Definition of immure in English:



[with object]
  • Enclose or confine (someone) against their will.

    ‘her brother was immured in a lunatic asylum’
    • ‘The unfortunate animal is immured in a box that also contains a radioactive source with a 50-50 chance of decaying within the next hour.’
    • ‘‘I longed sadly for some gaiety’, she wrote to her uncle Leopold at 16, ‘but we have been for the last three months immured within our old palace.’’
    • ‘It makes no sense to ask whether a particular security system is effective or not - otherwise you'd all be wearing bulletproof vests and staying immured in your home.’
    • ‘Well, yes, they go off and they find that these people have been immured in these caves until death.’
    • ‘In contrast, White often found reforming local priests ‘less radical because they were far more deeply immured in the reality of their country.’’
    • ‘There was ‘not the slightest sign of his becoming immured in his own work, as happens to so many creative artists‘.’
    • ‘Being immured in prison has not left me with much to do.’

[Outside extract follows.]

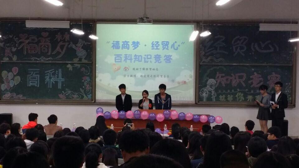2014119日,在我校潘渡校区在教学楼大阶教室一,经济贸易系举办了主题为“福商梦,经贸心”的百科知识竞赛,该知识竞赛旨在扩宽同学们的知识面,为同学们提供一个自我展示的平台。出席本次活动的成员主要有辅导员及经贸系各班的学生代表。

    • ‘It struck me strange that my mother from whose loving hands I had partaken many a sumptuous meal had been immured in the kitchen confines all along.’
    • ‘We are, indeed, truly immured in our colonial past.’
    • ‘The angry, obsessive, maddened father's reaction to this disaster is to immure her and her mother in their house, building more and more partition walls around them until finally they are imprisoned on a bed in a tiny space.’
    • ‘Its purpose was to immure the emperor, protecting him from the gaze of the common people, who were forbidden from entering.’
    • ‘There were but two filo triangles, which made sharing among three a bit tricky, but the bay scallops immured within the flaky pastry were so big you could split one between two people and neither would feel too cheated.’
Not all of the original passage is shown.